- Task item -
Among the entries below, copy only the span from the line containing "The Lux shift" through the line containing "Vintage art decco". Do so exactly, and skip the pictures.

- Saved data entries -
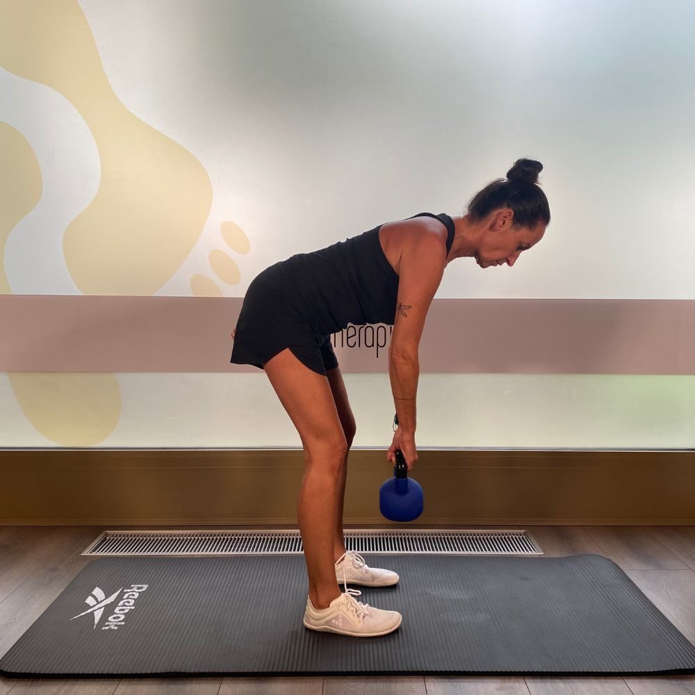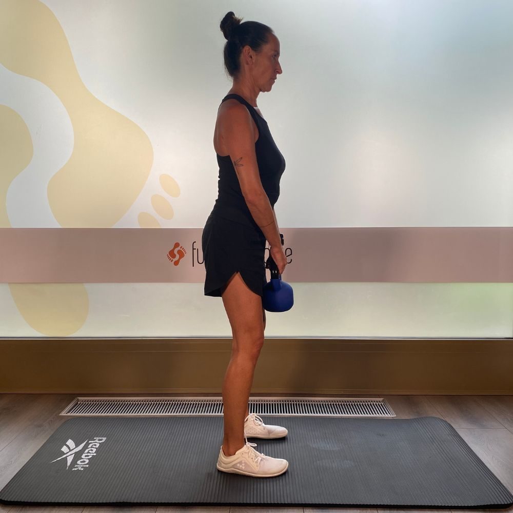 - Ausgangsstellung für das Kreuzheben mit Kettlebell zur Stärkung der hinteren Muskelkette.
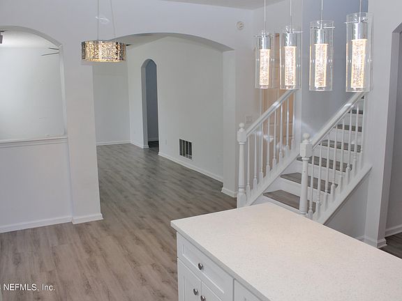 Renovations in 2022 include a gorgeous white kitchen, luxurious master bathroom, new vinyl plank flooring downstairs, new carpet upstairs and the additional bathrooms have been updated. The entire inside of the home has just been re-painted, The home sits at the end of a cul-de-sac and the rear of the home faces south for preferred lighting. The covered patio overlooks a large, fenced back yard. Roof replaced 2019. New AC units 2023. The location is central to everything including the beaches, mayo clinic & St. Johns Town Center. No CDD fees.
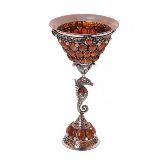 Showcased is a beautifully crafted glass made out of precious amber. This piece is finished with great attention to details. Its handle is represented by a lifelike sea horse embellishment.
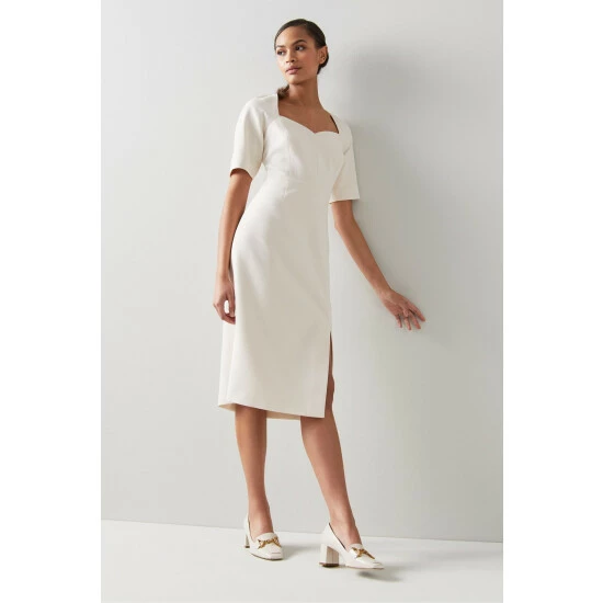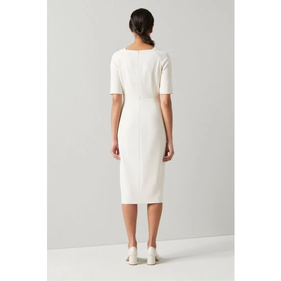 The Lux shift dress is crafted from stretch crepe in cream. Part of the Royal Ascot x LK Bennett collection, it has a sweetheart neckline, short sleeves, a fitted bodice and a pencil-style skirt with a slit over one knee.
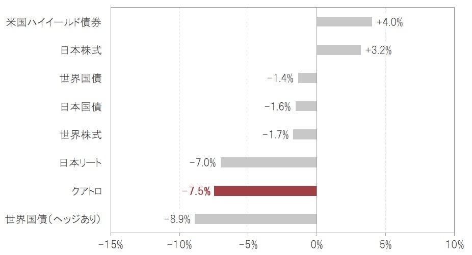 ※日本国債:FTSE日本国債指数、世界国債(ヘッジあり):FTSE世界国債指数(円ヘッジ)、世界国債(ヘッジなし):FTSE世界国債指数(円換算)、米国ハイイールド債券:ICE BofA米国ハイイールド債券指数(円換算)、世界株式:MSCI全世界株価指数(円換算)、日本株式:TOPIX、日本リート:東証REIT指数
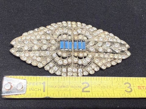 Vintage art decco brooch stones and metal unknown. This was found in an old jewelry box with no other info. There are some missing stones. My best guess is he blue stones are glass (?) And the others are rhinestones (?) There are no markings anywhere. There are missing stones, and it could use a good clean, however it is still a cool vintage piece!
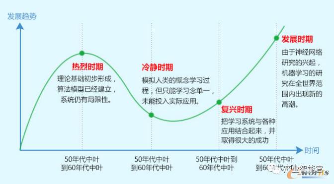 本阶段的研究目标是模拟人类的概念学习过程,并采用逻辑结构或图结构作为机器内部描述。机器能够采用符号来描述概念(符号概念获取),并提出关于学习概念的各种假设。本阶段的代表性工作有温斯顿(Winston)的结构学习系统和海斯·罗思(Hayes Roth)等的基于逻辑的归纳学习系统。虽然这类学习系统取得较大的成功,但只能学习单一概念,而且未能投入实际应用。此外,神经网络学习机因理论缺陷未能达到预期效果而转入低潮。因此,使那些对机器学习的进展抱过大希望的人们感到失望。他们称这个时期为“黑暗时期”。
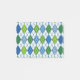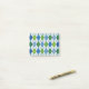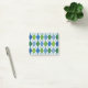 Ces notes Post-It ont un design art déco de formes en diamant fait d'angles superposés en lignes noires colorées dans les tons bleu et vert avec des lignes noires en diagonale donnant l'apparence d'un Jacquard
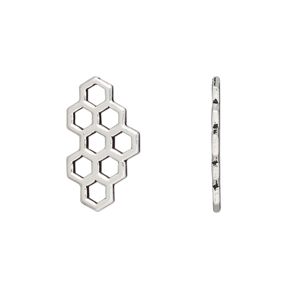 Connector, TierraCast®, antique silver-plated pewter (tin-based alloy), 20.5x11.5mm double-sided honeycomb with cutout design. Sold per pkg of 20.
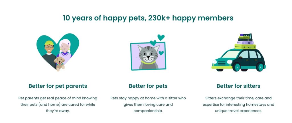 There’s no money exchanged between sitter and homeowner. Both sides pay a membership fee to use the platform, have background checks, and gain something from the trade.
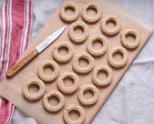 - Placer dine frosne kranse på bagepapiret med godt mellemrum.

- Solution below -
 The Lux shift dress is crafted from stretch crepe in cream. Part of the Royal Ascot x LK Bennett collection, it has a sweetheart neckline, short sleeves, a fitted bodice and a pencil-style skirt with a slit over one knee.
 ※日本国債:FTSE日本国債指数、世界国債(ヘッジあり):FTSE世界国債指数(円ヘッジ)、世界国債(ヘッジなし):FTSE世界国債指数(円換算)、米国ハイイールド債券:ICE BofA米国ハイイールド債券指数(円換算)、世界株式:MSCI全世界株価指数(円換算)、日本株式:TOPIX、日本リート:東証REIT指数
 Vintage art decco brooch stones and metal unknown. This was found in an old jewelry box with no other info. There are some missing stones. My best guess is he blue stones are glass (?) And the others are rhinestones (?) There are no markings anywhere. There are missing stones, and it could use a good clean, however it is still a cool vintage piece!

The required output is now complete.